▶ [Excerpted records]
--

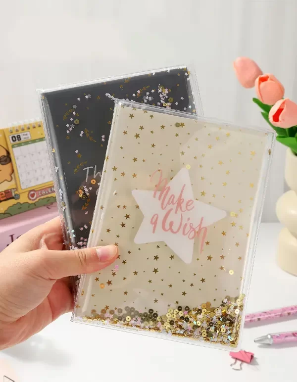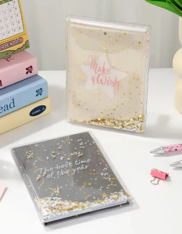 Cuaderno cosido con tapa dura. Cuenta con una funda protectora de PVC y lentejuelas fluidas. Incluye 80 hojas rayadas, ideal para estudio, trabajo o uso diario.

--

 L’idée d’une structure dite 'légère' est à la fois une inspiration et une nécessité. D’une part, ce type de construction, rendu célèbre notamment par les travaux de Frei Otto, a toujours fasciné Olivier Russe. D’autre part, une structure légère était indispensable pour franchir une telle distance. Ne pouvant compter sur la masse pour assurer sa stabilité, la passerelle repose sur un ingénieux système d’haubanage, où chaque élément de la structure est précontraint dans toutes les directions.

--

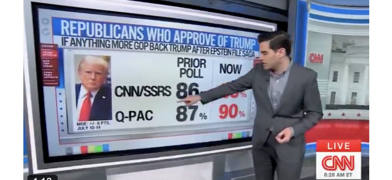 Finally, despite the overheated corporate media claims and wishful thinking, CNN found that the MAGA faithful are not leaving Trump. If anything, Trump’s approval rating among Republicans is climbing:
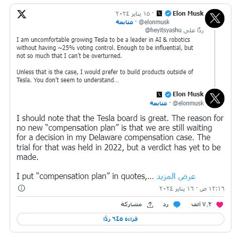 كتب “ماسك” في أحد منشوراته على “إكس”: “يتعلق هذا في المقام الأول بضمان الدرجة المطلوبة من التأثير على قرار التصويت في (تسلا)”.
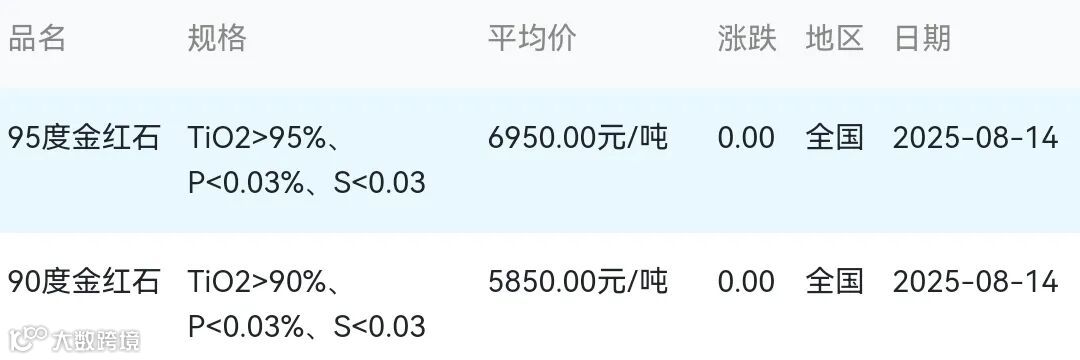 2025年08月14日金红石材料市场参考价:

--

▶ [Work item] With the pictures removed, print only the lines starting at the line that has "Finally, despite the" and ending at the line that has "في أحد منشوراته", both ends included, exactly as they stand above.

▶ [Answer area]
 Finally, despite the overheated corporate media claims and wishful thinking, CNN found that the MAGA faithful are not leaving Trump. If anything, Trump’s approval rating among Republicans is climbing:
 كتب “ماسك” في أحد منشوراته على “إكس”: “يتعلق هذا في المقام الأول بضمان الدرجة المطلوبة من التأثير على قرار التصويت في (تسلا)”.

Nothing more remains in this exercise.